:: INFORMATION GIVEN
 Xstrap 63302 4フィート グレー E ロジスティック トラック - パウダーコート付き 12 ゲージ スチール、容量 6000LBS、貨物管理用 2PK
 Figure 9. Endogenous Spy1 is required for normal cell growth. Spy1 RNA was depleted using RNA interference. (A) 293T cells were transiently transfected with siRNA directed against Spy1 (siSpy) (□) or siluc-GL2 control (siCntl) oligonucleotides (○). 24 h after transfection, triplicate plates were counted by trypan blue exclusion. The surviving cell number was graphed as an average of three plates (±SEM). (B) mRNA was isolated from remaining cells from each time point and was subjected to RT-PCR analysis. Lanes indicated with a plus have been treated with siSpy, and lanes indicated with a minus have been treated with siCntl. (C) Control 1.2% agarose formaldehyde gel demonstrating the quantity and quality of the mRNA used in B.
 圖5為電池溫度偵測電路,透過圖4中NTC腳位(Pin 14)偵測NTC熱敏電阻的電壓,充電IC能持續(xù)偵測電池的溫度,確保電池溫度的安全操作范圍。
::::
:: INFORMATION GIVEN
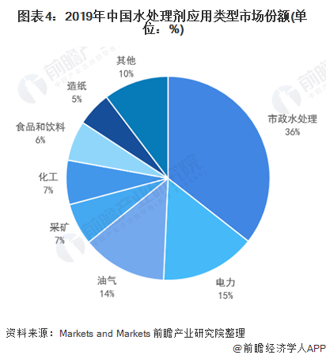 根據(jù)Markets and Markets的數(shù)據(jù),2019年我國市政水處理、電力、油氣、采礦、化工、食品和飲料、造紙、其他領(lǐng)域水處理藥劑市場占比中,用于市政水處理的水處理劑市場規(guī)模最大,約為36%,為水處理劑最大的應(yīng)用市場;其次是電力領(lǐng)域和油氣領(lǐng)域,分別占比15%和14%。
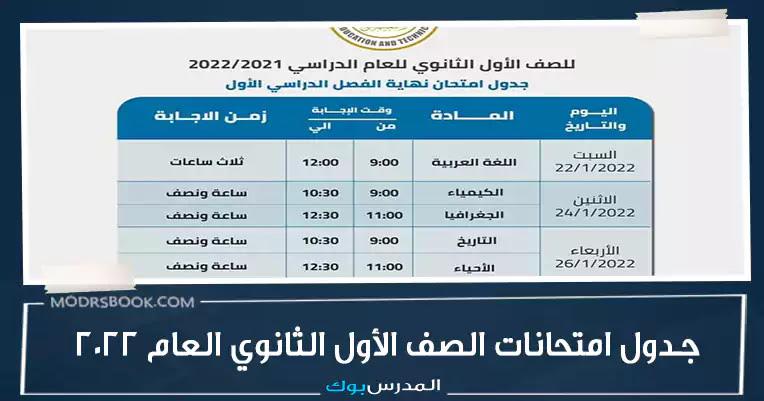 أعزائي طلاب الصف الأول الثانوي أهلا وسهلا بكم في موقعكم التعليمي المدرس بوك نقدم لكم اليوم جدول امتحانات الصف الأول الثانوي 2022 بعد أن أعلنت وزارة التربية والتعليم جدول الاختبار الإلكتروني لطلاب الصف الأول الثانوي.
::::
▶ **TASK OBJECTIVE**
Look above for the line with "Xstrap 63302 4フィート" and the line with "圖5為電池溫度偵測電路,透過". Write out those two lines and all the lines between them, exactly, and no others.

▶ **REPLY**
 Xstrap 63302 4フィート グレー E ロジスティック トラック - パウダーコート付き 12 ゲージ スチール、容量 6000LBS、貨物管理用 2PK
 Figure 9. Endogenous Spy1 is required for normal cell growth. Spy1 RNA was depleted using RNA interference. (A) 293T cells were transiently transfected with siRNA directed against Spy1 (siSpy) (□) or siluc-GL2 control (siCntl) oligonucleotides (○). 24 h after transfection, triplicate plates were counted by trypan blue exclusion. The surviving cell number was graphed as an average of three plates (±SEM). (B) mRNA was isolated from remaining cells from each time point and was subjected to RT-PCR analysis. Lanes indicated with a plus have been treated with siSpy, and lanes indicated with a minus have been treated with siCntl. (C) Control 1.2% agarose formaldehyde gel demonstrating the quantity and quality of the mRNA used in B.
 圖5為電池溫度偵測電路,透過圖4中NTC腳位(Pin 14)偵測NTC熱敏電阻的電壓,充電IC能持續(xù)偵測電池的溫度,確保電池溫度的安全操作范圍。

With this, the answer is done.